Spark Administration in Kubernetes

In Fusion 5.0, Spark operates in native Kubernetes mode instead of standalone mode (like in Fusion 4.x). The sections below describe Spark operations in Fusion 5.0.

Cluster Mode

Fusion 5.0 ships with Spark 2.4.3 and operates in "cluster" mode on top of Kubernetes. In cluster mode, each Spark driver runs in a separate pod and hence resources can be managed per job. Each executor also runs in its own pod.

Spark config defaults

The table below shows the default configurations for Spark. These settings are configured in the job-launcher config map, accessible using kubectl get configmaps <release-name>-job-launcher. Some of these settings are also configurable via Helm.

Table 1. Spark Resource Configurations
Spark Configuration Default value Helm Variable

spark.driver.memory

3g

spark.executor.instances

2

executorInstances

spark.executor.memory

3g

spark.executor.cores

6

spark.kubernetes.executor.request.cores

3

Table 2. Spark Kubernetes Configurations
Spark Configuration Default value Helm Variable

spark.kubernetes.container.image.pullPolicy

Always

image.imagePullPolicy

spark.kubernetes.container.image.pullSecrets

[artifactory]

image.imagePullSecrets

spark.kubernetes.authenticate.driver.serviceAccountName

<name>-job-launcher-spark

spark.kubernetes.driver.container.image

fusion-dev-docker.ci-artifactory.lucidworks.com

image.repository

spark.kubernetes.executor.container.image

fusion-dev-docker.ci-artifactory.lucidworks.com

image.repository

Spark Job Resource Allocation

Number of Instances and Cores Allocated

In order to set the number of cores allocated for a job, add the following parameter keys and values in the Spark Settings field within the "advanced" job properties in the Fusion UI or the sparkConfig object if defining a job via the Fusion API. If spark.kubernetes.executor.request.cores is not set (default config), then Spark will set the number of CPUs for the executor pod to be the same number as spark.executor.cores.
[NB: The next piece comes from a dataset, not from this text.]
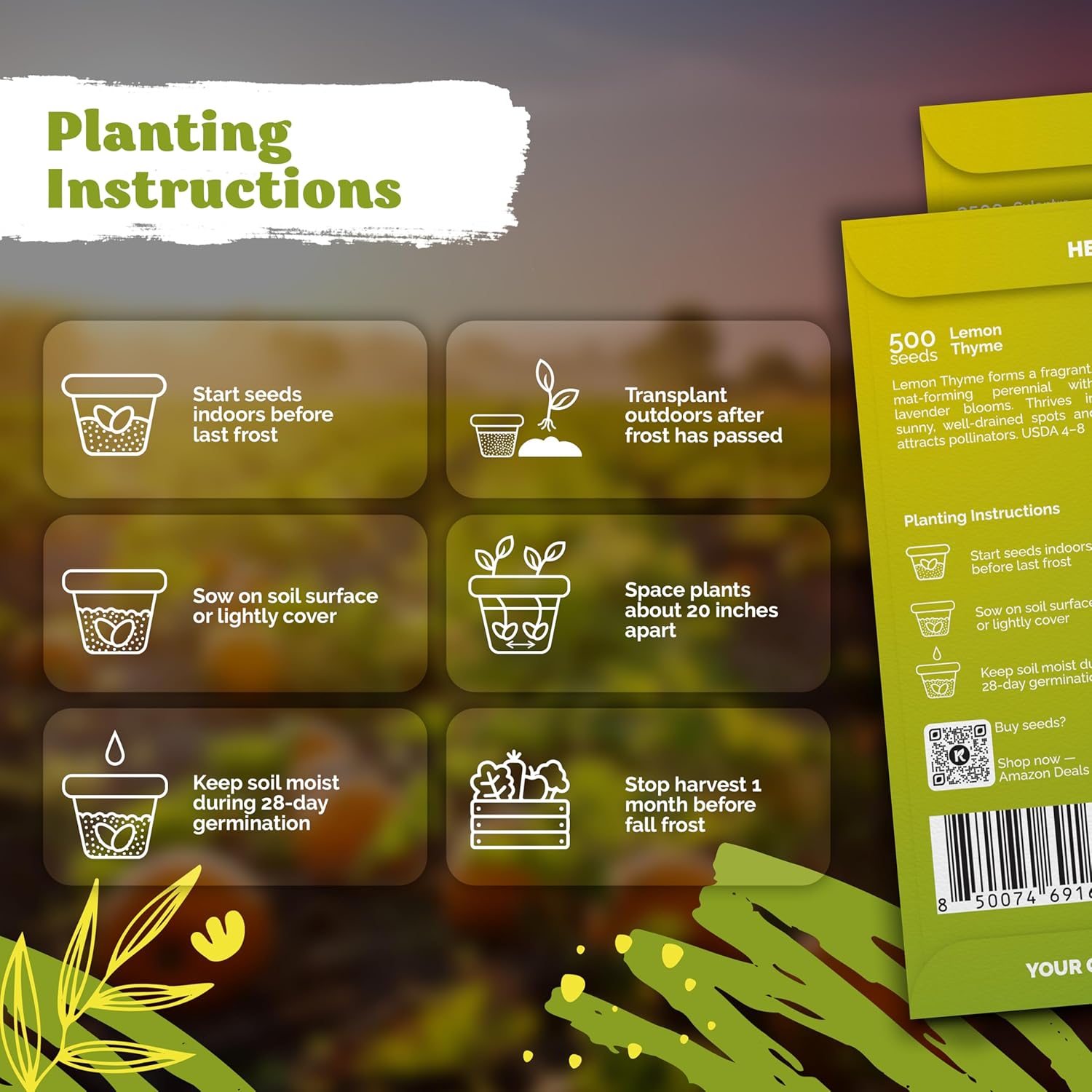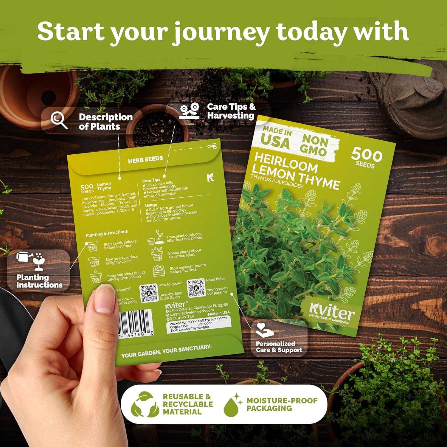 • Aromatic Flavor: Our lemon thyme seeds for planting bring a zesty twist to any kitchen garden. Germinates in 7–14 days at full sun, reaching 6–12 inches tall in USDA zones 3–10.

In that case, if spark.executor.cores is 3, then Spark will allocate 3 CPUs for the executor pod and will run 3 tasks in parallel. To under-allocate the CPU for the executor pod and still run multiple tasks in parallel, set spark.kubernetes.executor.request.cores to a lower value than spark.executor.cores. The ratio for spark.kubernetes.executor.request.cores to spark.executor.cores depends on the type of job: either CPU-bound or I/O-bound. Allocate more memory to the executor if more tasks are running in parallel on a single executor pod.

Parameter Key Parameter Example Value

spark.executor.instances

3

spark.kubernetes.executor.request.cores

3

spark.executor.cores

6

spark.driver.cores

1

If these settings are left unspecified, then the job launches with a driver using one core and 3GB of memory plus two executors, each using one core with 1GB of memory.

Memory Allocation

The amount of memory allocated to the driver and executors is controlled on a per-job basis using the spark.executor.memory and spark.driver.memory parameters in the Spark Settings section of the job definition in the Fusion UI or within the sparkConfig object in the JSON definition of the job.

Parameter Key Parameter Example Value

spark.executor.memory

6g

spark.driver.memory

2g